Section 68(4) directs that where a man dies intestate while still bound by a customary union, a subsequent civil marriage “shall be regarded as valid only for the purposes of Part IIIA” of the Act, a section governing polygamous estates. 

Mucheche argues that this wording amounts to “a legislative sleight-of-hand” that recognises the later civil marriage only to deny it the core protections of marriage, including the surviving spouse’s right to the matrimonial home and household property. 

The filing further contends that the clause unlawfully discriminates on the basis of gender and marital status, violating: Section 56 of the constitution, which guarantees equality before the law; Section 71, which protects the right to property; and Section 80(3), which mandates the equal status of all marriages, civil or customary. 

“The Impugned Provision violates Section 71 (Right to Property) by arbitrarily depriving the civil marriage spouse of their legitimate expectation of inheritance,” the submission states.  

“A spouse in a lawful, registered marriage has a clear and legitimate expectation of inheriting from their deceased partner’s intestate estate, an expectation integral to the marital patrimony and the security of the family unit. 

“By effectively nullifying the marriage for inheritance purposes, the Impugned Provision constitutes an arbitrary deprivation of property (or the legitimate expectation thereof) that is not sanctioned by a law of general application that is justifiable in a democratic society.  

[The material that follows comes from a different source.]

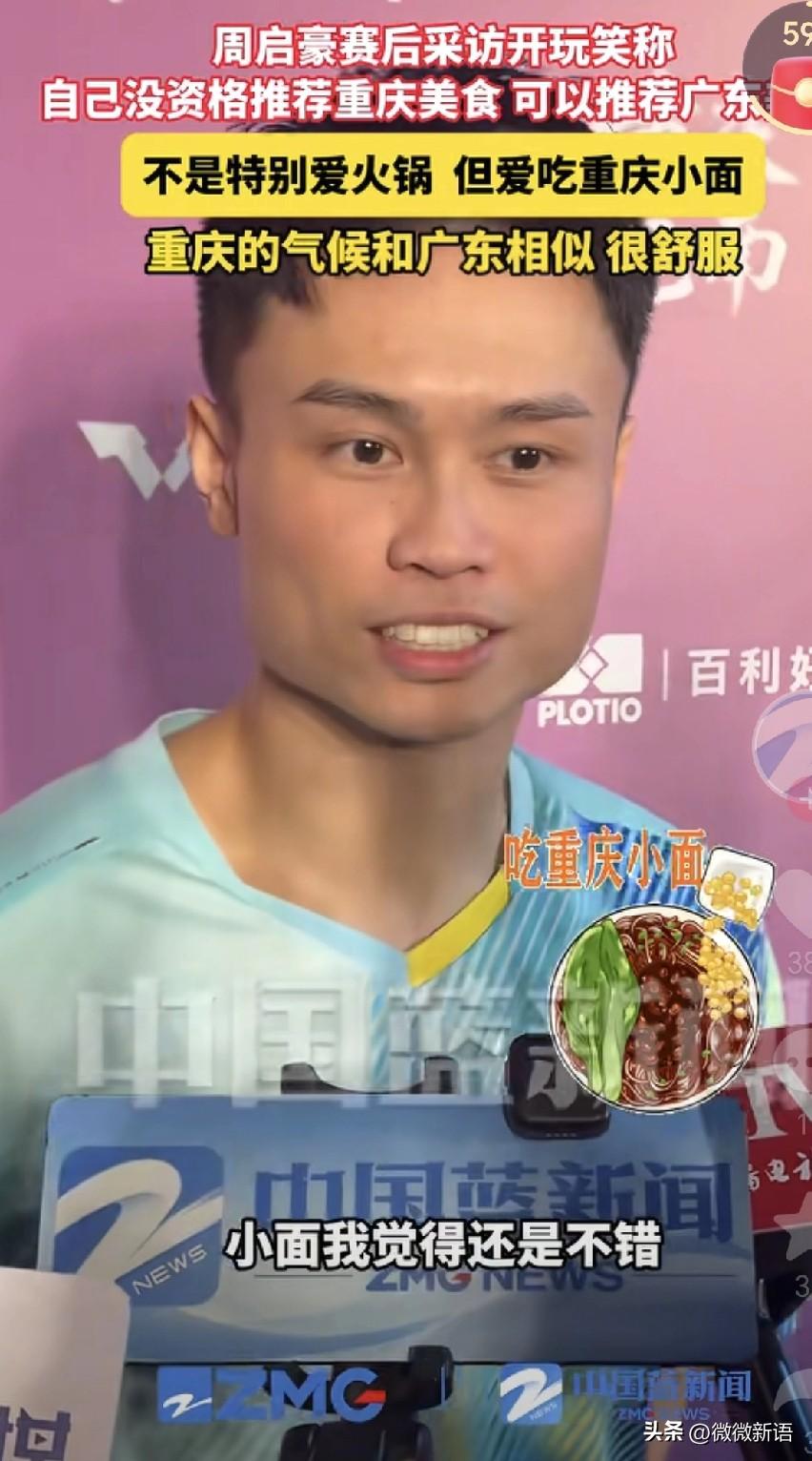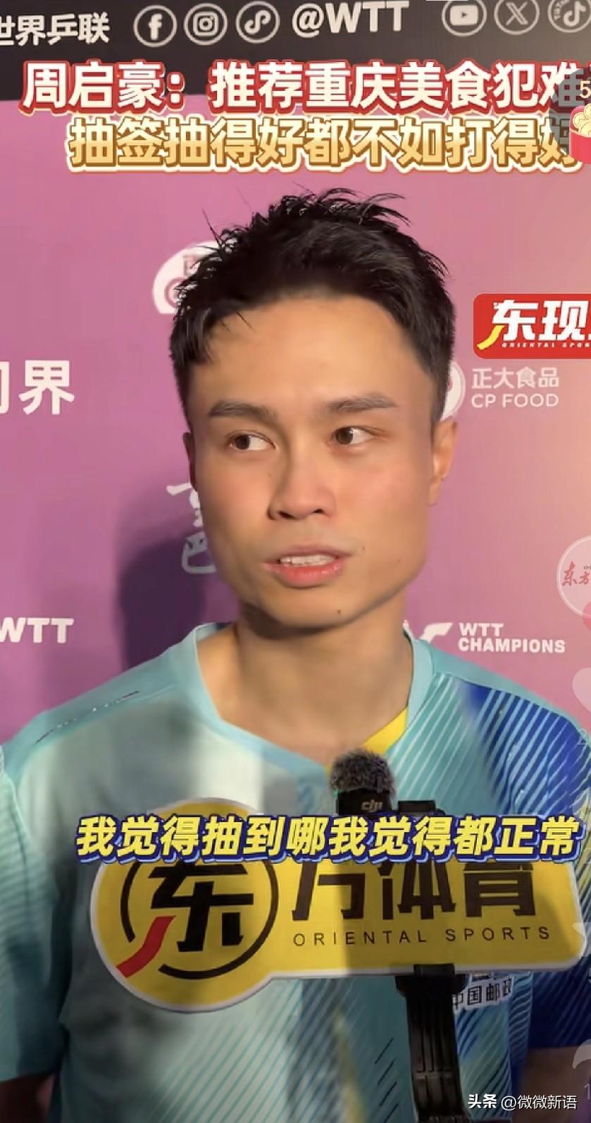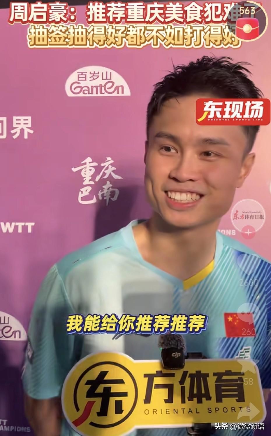 周启豪净说大实话,还挺幽默的。 重庆冠军赛男单1/16决赛,周启豪是3-1赢了队友黄友政,在赛后采访中周启豪说自己和黄友政很熟悉,比赛中还是自己进入状态比较快一些吧。看了今天的赛后采访,每个运动员都会被问到有关重庆的美食,记者让周启豪推荐重庆美食,周启豪犯难了,他说如果让他推荐一些广东美食,那还能给推荐推荐。后面记者问周启豪吃火锅没,周启豪说他对火锅一般,那个小面挺好吃的,就是按两算的。看来周启豪比较喜欢吃面,蒯曼说去年没有在重庆吃上火锅,今年来了也没时间去吃,争取有机会吃顿重庆火锅。 后面有个记者说周启豪对自己的签有什么看法,周启豪说抽的好还不如打的好,不能只说签,也要找客观原因,周启豪真是说的大实话,确实打的好才是真的好。2026年周启豪确实也是靠自己的实力把排名提升了,也能参加大赛。可能看到别的运动员离队,他更珍惜能站在赛场上的时刻吧。 下一轮比赛,周启豪将对阵林昀儒和卡尔森之间的胜者,昨晚周启豪还和小林一起玩,下一场俩人有可能就遇上了,他俩打肯定也会很精彩。今天看到王楚钦和林昀儒两个人在对练,两个人首轮对手都是左手,相互训练也挺好的。

“The provision denies the subsequent spouse the right to the spousal share they would otherwise be entitled to under the ordinary rules of intestate succession, thereby depriving them of existing or anticipated property rights without due process or a compelling legal justification.” 

In unusually strong language, the application describes Section 68(4) as “an anachronistic vestige of the Magaya v Magaya era”, a reference to the infamous 1999 Supreme Court ruling that denied daughters inheritance under customary law. 

That judgment, delivered under Zimbabwe’s old constitution, became emblematic of entrenched gender inequities that activists sought to dismantle under the 2013 rights-based charter.